Transformers and Virtual Short-Channels in fNIRS

AI cleaning the brain signal and retelling the hemodynamic story
(Consciência em Primeira Pessoa • Neurociência Decolonial • Brain Bee • The Feeling and Knowing Taá)


The Feeling and Knowing Taá — when I stop trusting my own data

I look at a beautiful fNIRS plot:
O₂-Hb goes up, HHb goes down, p-values are small.
On the surface, everything says: “this is cognition”.

But my body knows something else.

I remember the heart beating in the finger clip,
the breathing getting shallow with anxiety,
the skin vessels dilating with heat,
the headband pressing the scalp in a way that changes blood flow.

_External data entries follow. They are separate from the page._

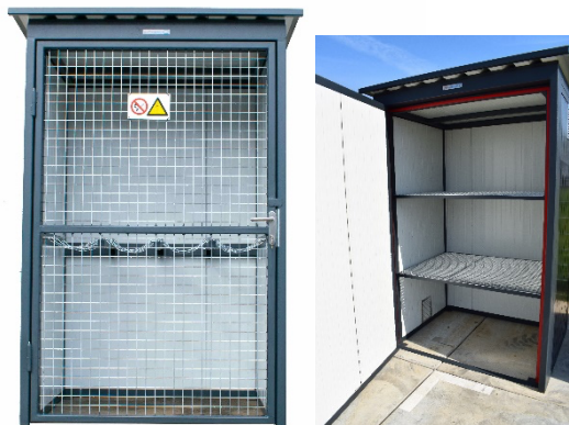
afb. buiten aanzicht afb. binnen aanzicht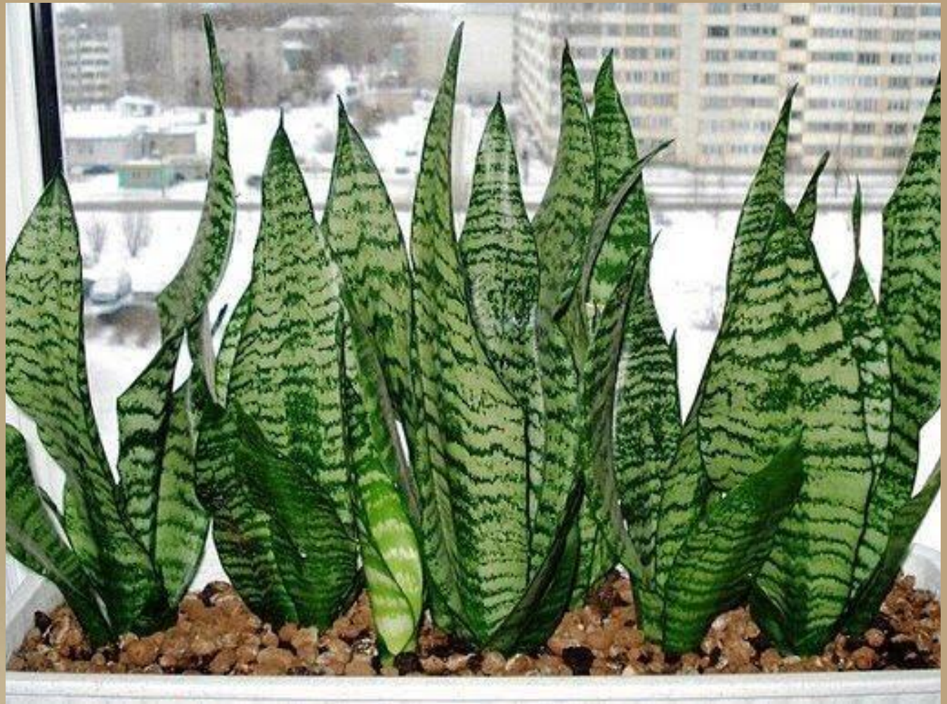
Сансевиерия (щучий хвост)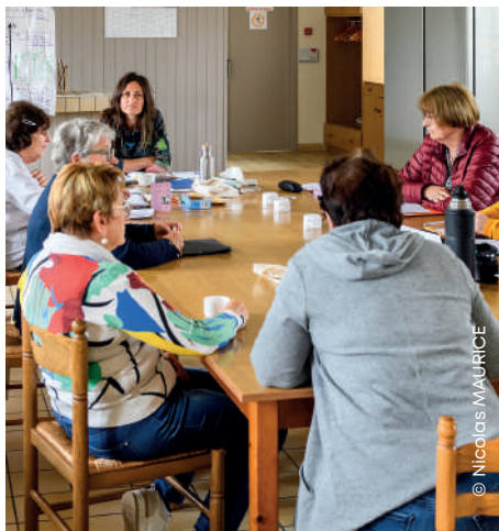
Atelier « Une vie devant nous » pour les seniors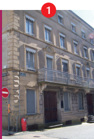
1 Ancienne manufacture Bonnassieux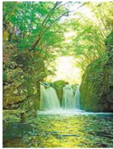
小坂の滝めぐり (下呂市小坂町)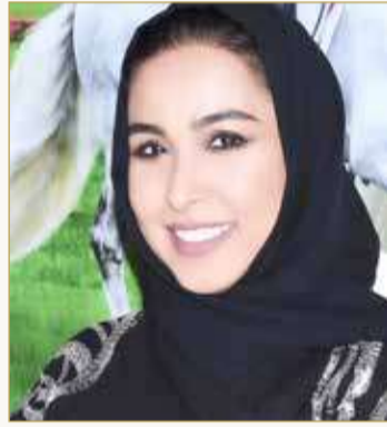
عهدود مال الله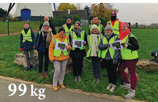
99 kg de déchets collectés lors du ramassage citoyen du 3 décembre.

À l'occasion du World Cleanup Day, le 17 septembre, le LOSBB a organisé son propre ramassage citoyen ! Une petite vingtaine de participants a collecté 53 kg de déchets en 2 heures (dont près de 2000 mégots !) Bravo à eux pour leur engagement citoyen !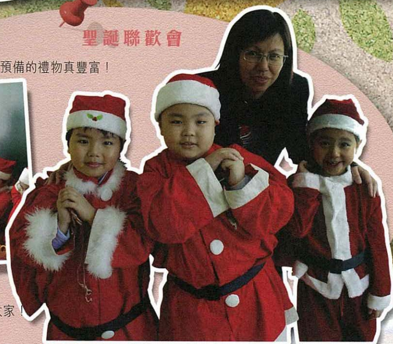
小小聖誕老人準備派禮物給大家！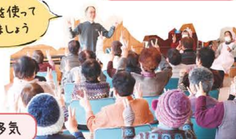
ミニデイサービス多気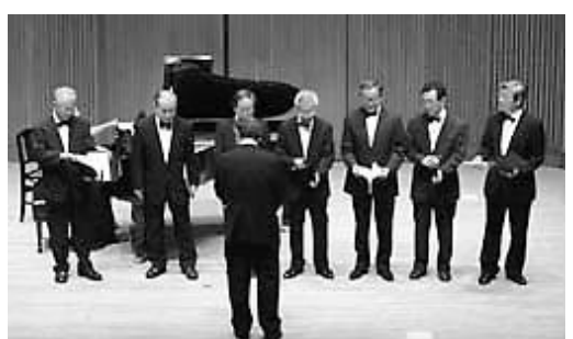
大泉学園夢ありホールでの発表会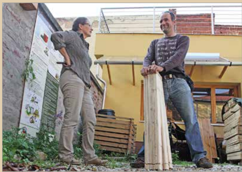
Sikeresen működik a komposztálási program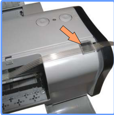
Вывод шлейфа iP1000

Приклейте клипсу с правой стороны принтера и закрепите в ней шлейф, немного наискосок.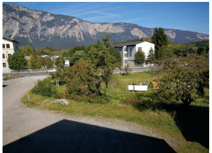
Blick nach Norden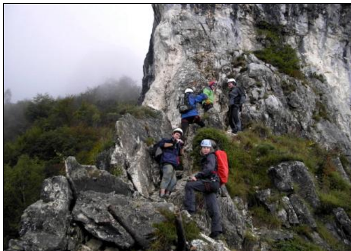
U nástupu na Cimu Sat..

Výstup pod Cima Capi – Camp Riva (70 m) sedlo pod Cima Capi a zpět asi (700 m). Délka výstupu 4 hodiny. Převýšení 650 m.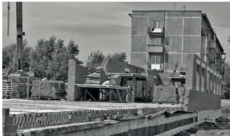
● Возведение первого этажа нового дома по улице Тимирязева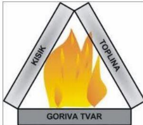
Slika 1. Komponente gorenja (požarni trokut).[2]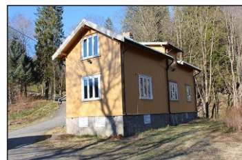
Damvokterboligen og ”Bekkestua” sto for fall.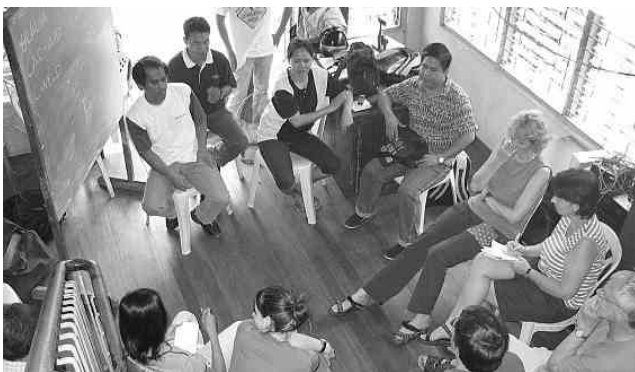
DPF trifft phil. Automobilarbeiter in Sta. Rosa, der Beginn einer neuen Freundschaft (2004)

Trotz der enorm schwierigen Lage derzeit auf den Philippinen mit 680 ermordeten Oppositionellen in 5 Jahren erkennt man an ihren Berichten, dass sie eisern an der gewerkschaftlichen Organisationsaufbauarbeit und ihren Forderungen festhalten. Das ist schon sehr beeindruckend!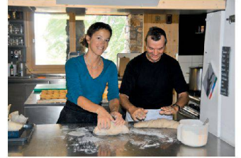
Brot backen in der Terri-Hütte. | Baking bread at the Terri Hut.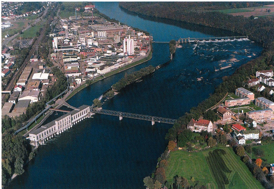
Bild 1. Luftbild des heutigen Kraftwerks Rheinfelden.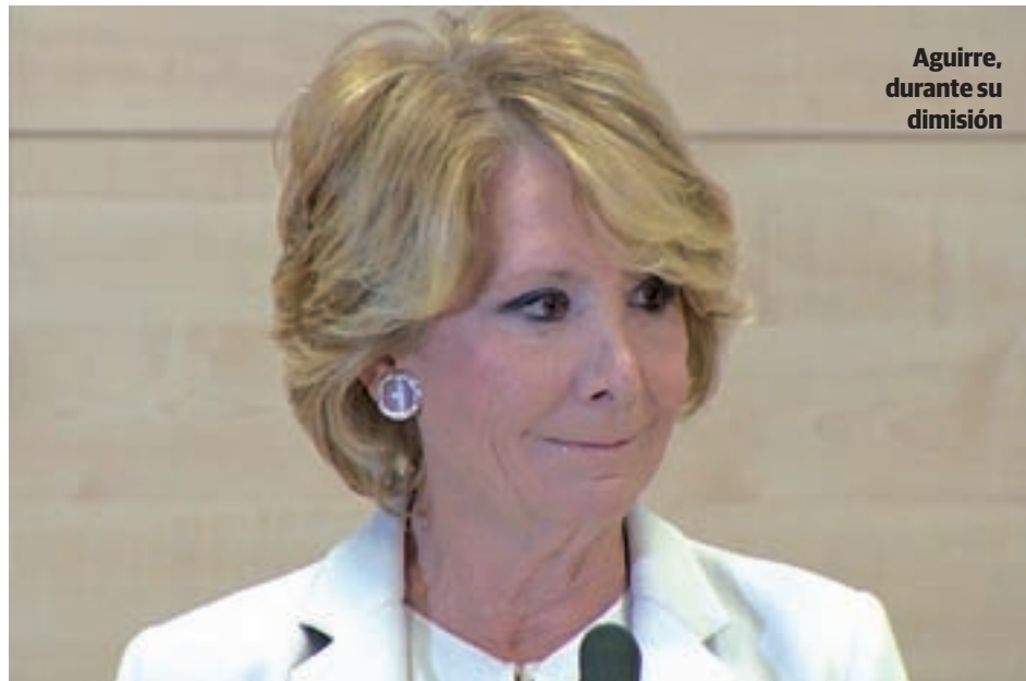
Aguirre, durante su dimisión

“No vigilé a Ignacio González todo lo que debía”. Con estas palabras acababa este lunes la carrera política de Esperanza Aguirre, uno de los personajes más importantes del panorama nacional y regional en los últimos años. Después de 34 años y tras haber sido concejal del Ayuntamiento de Madrid (en dos etapas), ministra de Educación, presidenta del Senado, presidenta de la Comunidad de Madrid y portavoz municipal, la Operación Lezo contra la corrupción ha supuesto el final de su trayectoria.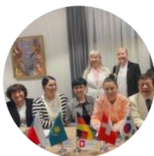
Kongres o mažoretkovém sportu Taškent, Uzbekistan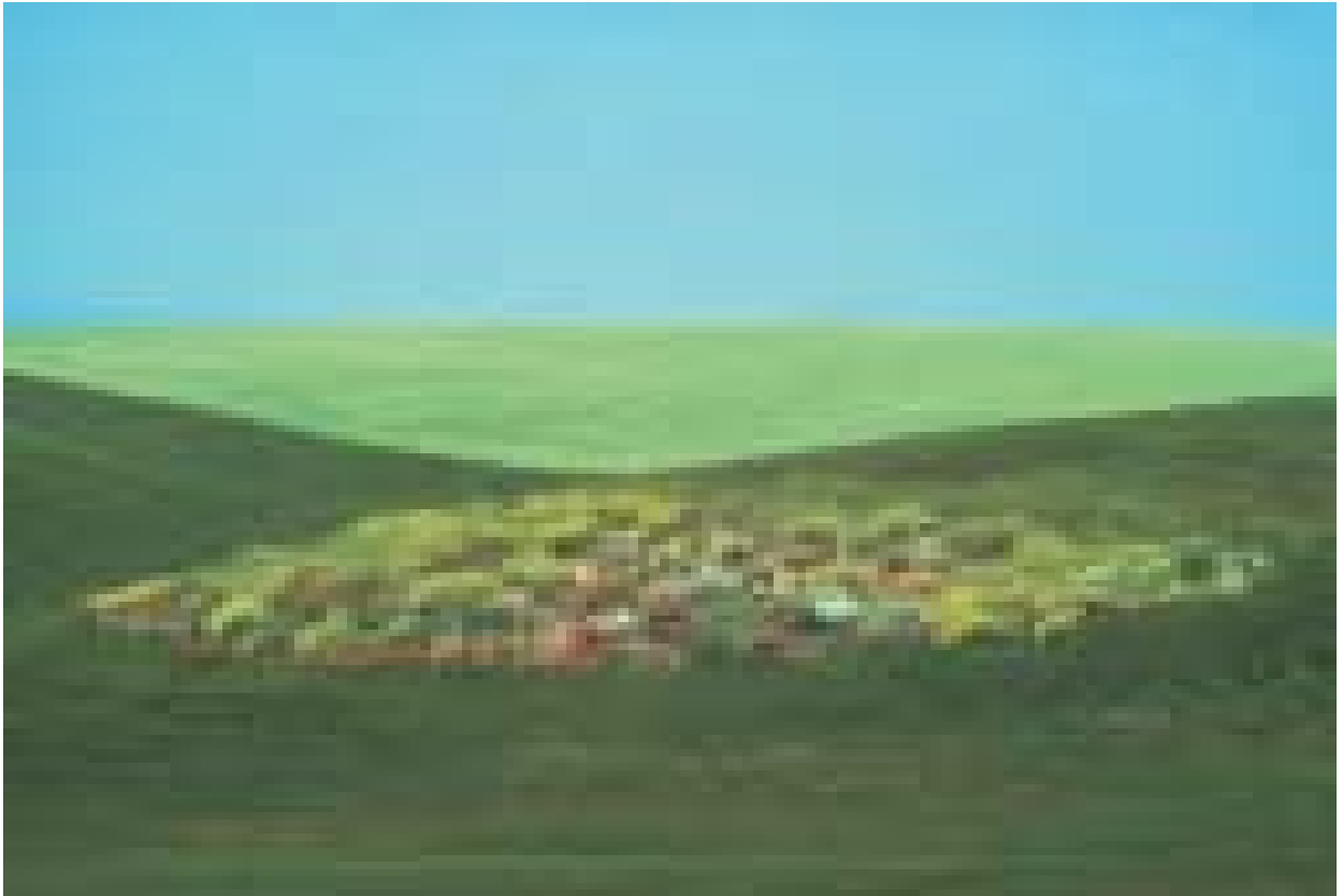
Basilicata, Italia, 1975

Taá — the feeling-before-knowing — whispers:

“Are you really seeing cortex…
or just the skin pretending to be cortex?”

This is the tension that a 2025 fNIRS methods paper in NeuroImage (one of those you listed) encara de frente:

using transformer-based deep learning to create virtual short-channels and regress superficial physiology from fNIRS signals, when real short-channels are missing or limited.

In other words:

  • when my hardware is not ideal,

  • can software help me rescue a more honest hemodynamic story?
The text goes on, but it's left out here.